I think it would be about the same amount of debate as Valheim, but I would probably let it slide in my mind just a very small tad more than Valheim. Building and crafting alone wouldn't work as survival, but if you have the need to do so or die, then that survival tag becomes a very strong label.... so I put a just little more weight on maintaining yourself over the things that make doing so easier. Another thing to look at is that in most Doom games, player death is punishing and often means a true end to your game. That combined with the starvation would give more strength to survival than Valheim's loss of skills. 
 
Consequences of death must at least partly influence what I consider to be a strong survival game, which explains why I'm always fighting for more here.
 
Interestingly, ECO Survival has building and crafting, but it also has eating and drinking that is not required, and most importantly, it is impossible to die. Also interestingly, I let this pass in my mind because the game does have a single threat of a meteor that must be destroyed before it crashes into the planet and the only way to achieve that in time is through all of those activities. I must equate this impending doom with the concept of maintaining yourself because the end result of neglect is the same.

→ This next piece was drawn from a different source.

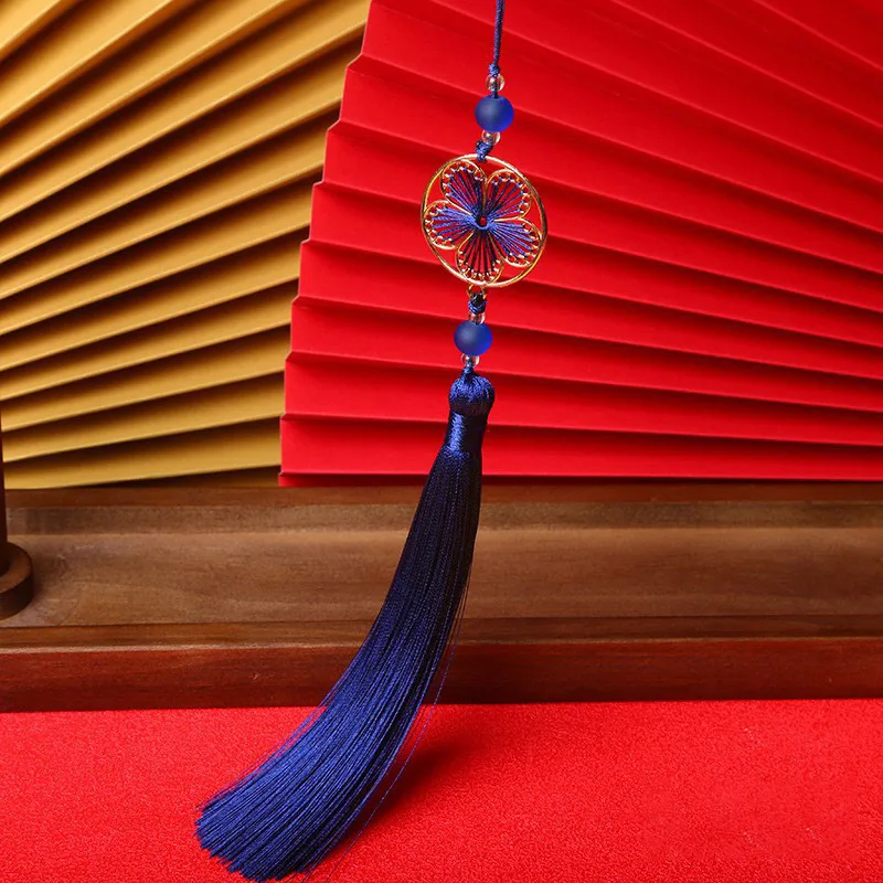 1Pcs 14Cm Tassels Pendant Round Ring Flower Beaded Peach Blossom Tassels With Hanging Rope DIY Clothes Bags Crafts Fans Fringe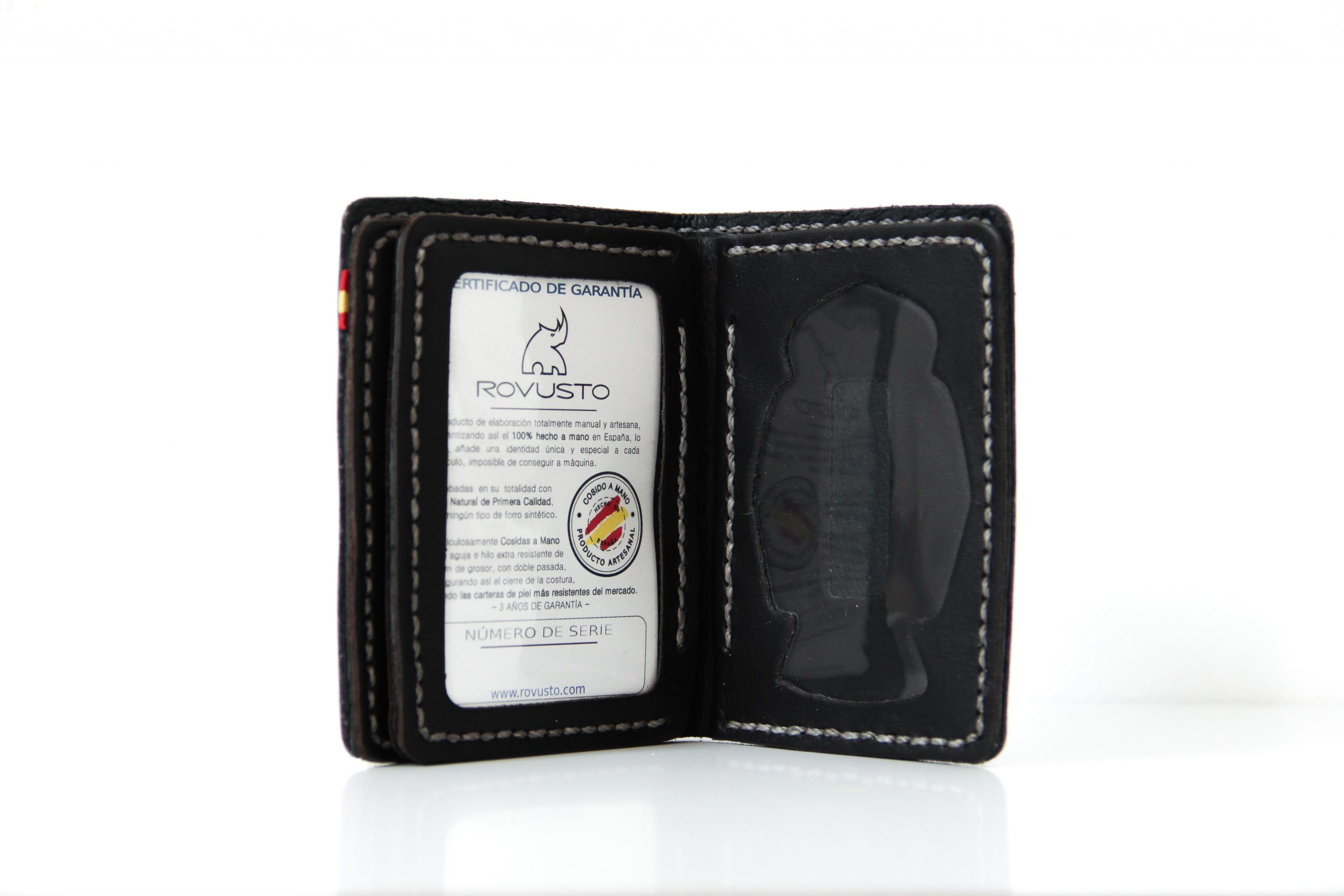 Cartera Porta placa de apertura tipo libro con billetero, 5 tarjeteros y 2 transparencias con o sin hueco para placa emblema.

Whether or not that is enough for others to consider it survival, I do not know. 
 
Either way you want to look at things, within the context of water and its importance for survival in 7D2D, all of these games and hypothetical games are bad choices to use for comparison (at least at this time). It's a good thing in my opinion, at this time, because the ability to make these comparisons rightfully means that 7D2D truly is shifting away from true survival and that truly saddens me.

28 minutes ago, ZehMatt said:

I keep saying this, cooking muddy water should have resulted muddy water, not sure how cooking water clears it of dirt.


It doesn't. It results in muddy water free of pathogens.